Photos of a previous incarnation of last weekend’s performance (all photos by Alex Ahn and used with permission)

Last weekend, I took up the vanguard of #YOLO culture and beat the shit out of my friend, while force-feeding her raw intestines, spitting wine in her eyes, and waterboarding her in a pail of goopy milk. For art. For my friend Irina Makarova’s performance art, specifically.

It wasn’t until a few days after I’d glibly agreed to assist her that I started to re-think my decision to publically play a character straight out of Saw VII: The Dominatrix of Doom. But it was too late: a large gallery in Tribeca had already agreed to host it. The intestines, I was told, were on their way.

I wanted to back out. I couldn’t.

So I comforted myself with the idea that I was merely an assistant — and that my lack of creative control meant I was absolved of culpability if the art kids curled their lips and declared it to be stupid.

When people asked me what the work was “about,” I deferred the task to my friend. “It’s her piece, she should explain it herself,” I murmured, while shifting into the role of a critic and offering my own analysis (“Maybe it has something to do with that whole épater le bourgeoisie thing … but between us, I think it’s about her relationships with men.”).

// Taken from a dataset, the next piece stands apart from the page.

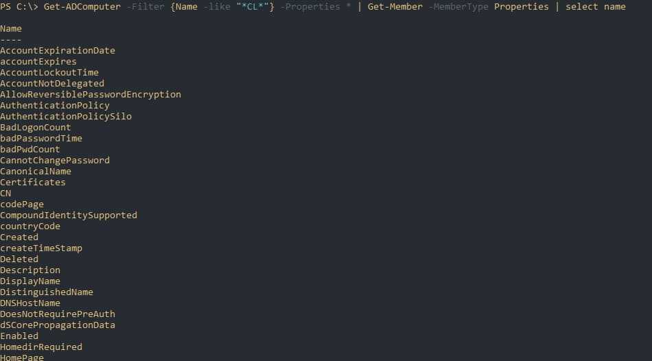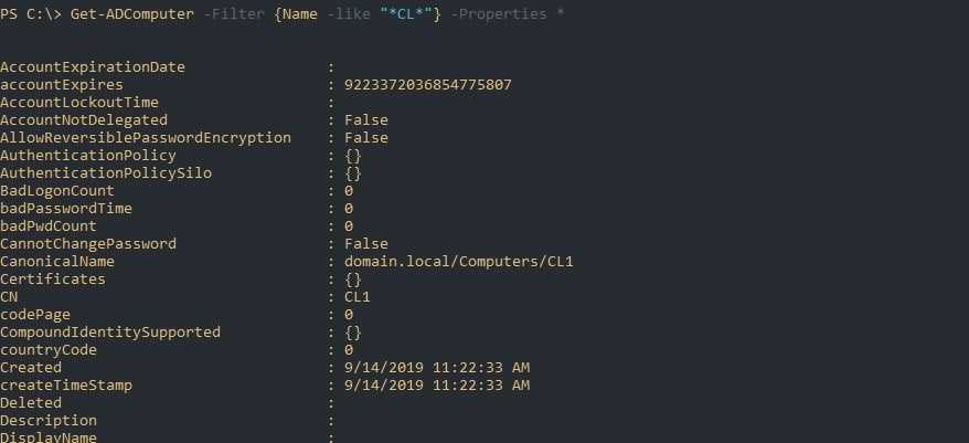 | 1 | Get-ADComputer-Filter{Name-like»*CL*»}-Properties * |

But obviously, inwardly, I was terrified about embarrassing myself. I knew that I possessed a degree of agency — enough to ruin everything if I slipped on a stray fish eyeball. (Or, worse, if I started giggling.)

When the evening finally rolled by, I dug up three of the vilest BDSM videos I could find to carefully study the movements and demeanors of the (always flabby, always male) aggressors. Then I bit into an Adderall, and jumped into my first foray into the weird world of over-the-top torture porn performance art in the school of Marina Abramović.

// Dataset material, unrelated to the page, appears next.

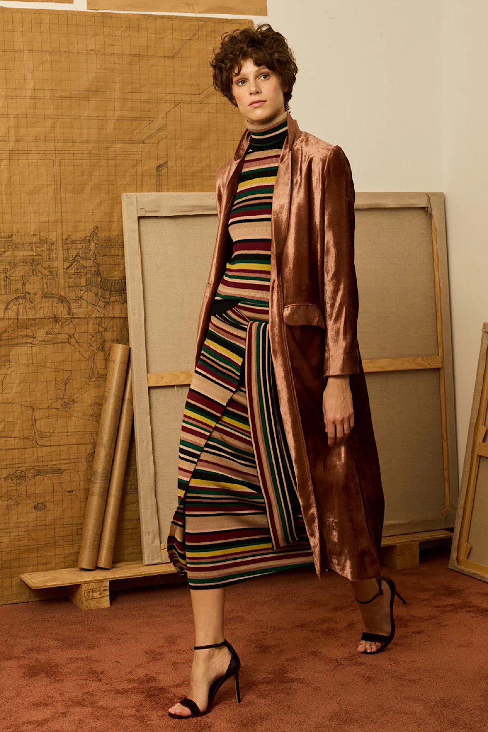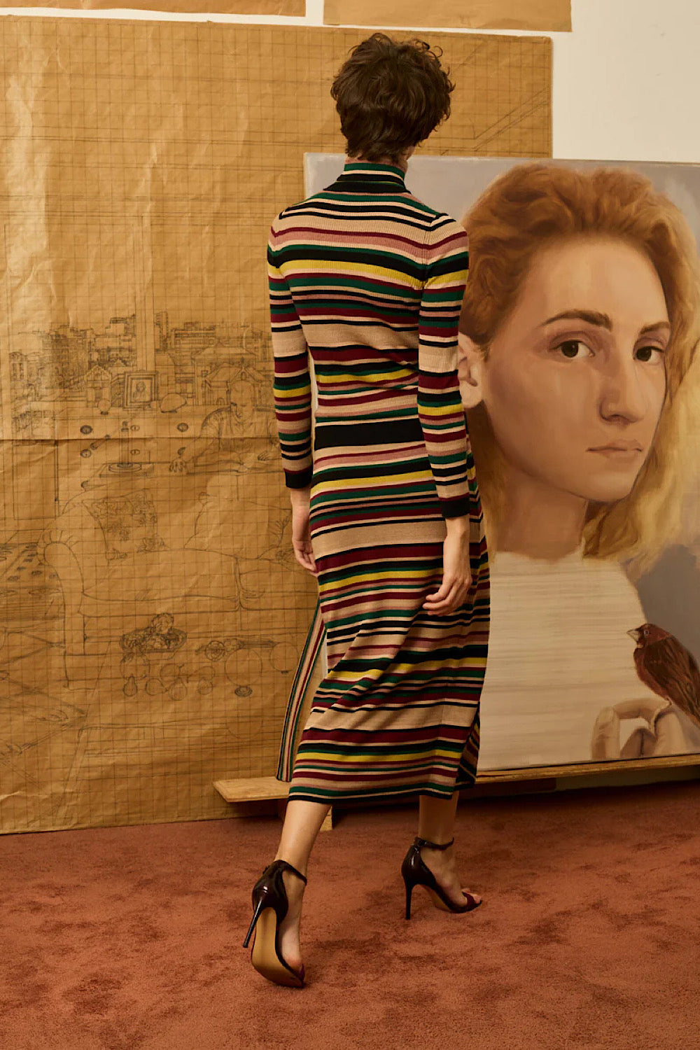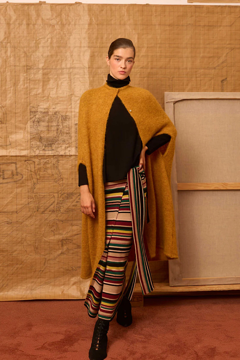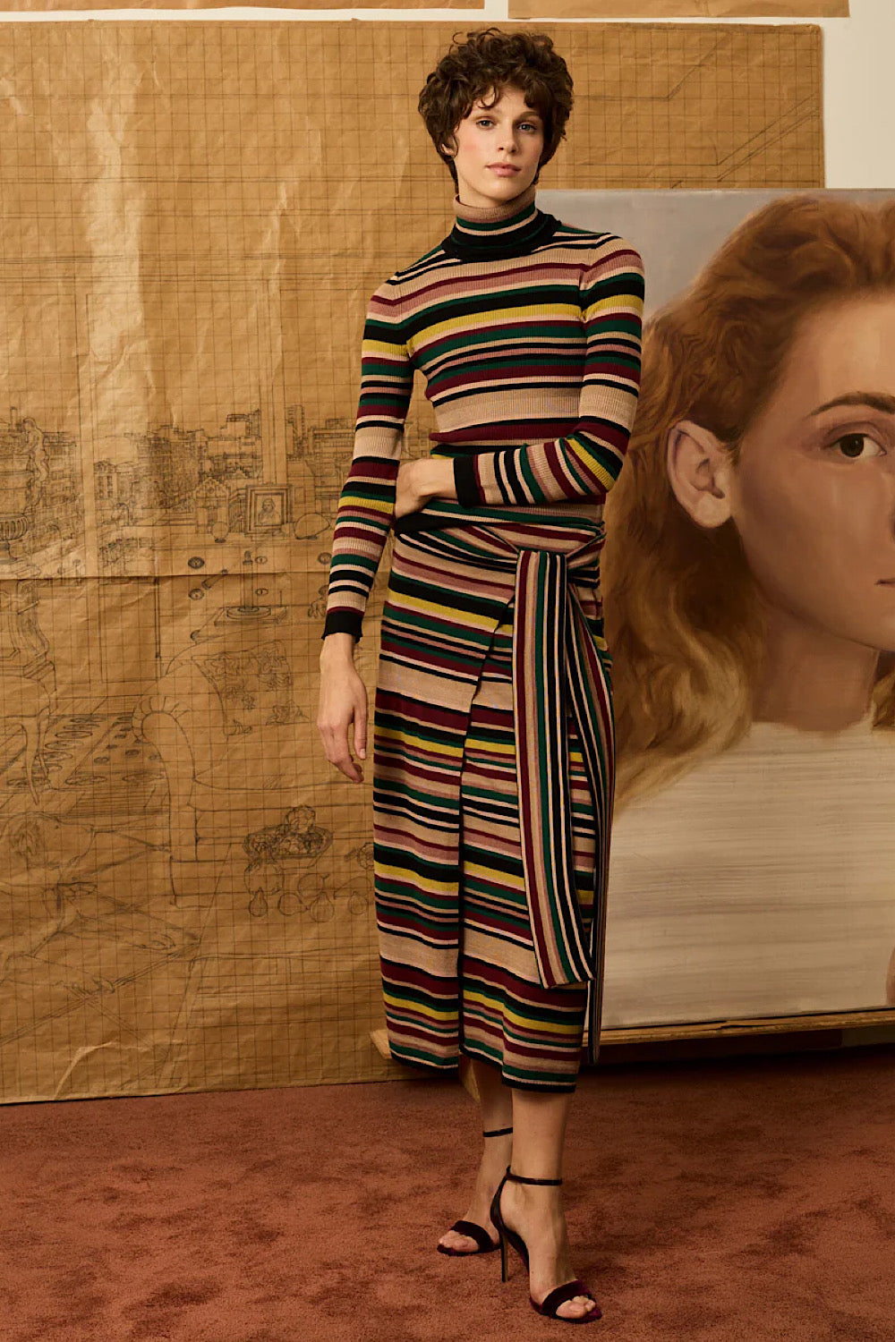 Falda de punto midi y tipo pareo. Con diseño de multirayas que le da un toque muy especial. Una prenda cómoda y con mucho estilo con la que no pasarás desapercibida.

Two minutes before the lights dimmed, my friend grabbed me and hissed, “OMG Richard Kern is here!!” This confused me immensely and put me into a freewheeling thought spiral: Why is underground filmmaker, writer, and photographer Richard Kern here? Why is he interested in seeing me straddle a girl and pistol-whip her with pig organs? Gross. I reeeeally do not want to be part of Kern’s weird fantasy.

Does he wish we were naked? Does he wish I had bigger tits? How do my tits look right now, anyway? Is he “into” this stuff, like, sexually?

Would he be here if we were both men?

Does him being here make this show more “important,” somehow?

I barely had enough time to process his facial expressions before my friend took her position on the floor. That was my cue to start my onslaught of slapping, kicking, and hair-pulling while she whimpered in a fetal position.

We’d practiced how to spit wine in her face without getting it into her eyes. But, while taking a swig from the bottle she’d left against the wall, I was seized by a terrifying paranoia: What if someone puts this on World Star Hip Hop? And files it as “stupid art girls in massive cat fight” under one of their notorious montages of ridiculous brawls?

I accidentally spat wine into her eyes. And then, without really thinking about it, I did it in her face again. For the hell of it.

The room was dead silent, save for a continuous loop of drone music playing. I imagined people from the audience slouching over beers later that night, interpreting the projectile of my spit.

They are going to compare this to Abramović and Chris Burden … probably in the same eye roll. And maybe sprinkle in some commentary on Antonin Artaud and the guilty pleasure of watching someone suffer.

I moved on, as if in a trance, to the climax: a stinking bucket that contained an unholy combination of fish heads, pig intestines, and minced beef.

As I brutishly shoved her head into the bucket, I heard someone groan loudly. But what did it mean? Are they grossed out or were they already desensitized and growing bored? Is everyone noticing how badly I need to retouch my hair job?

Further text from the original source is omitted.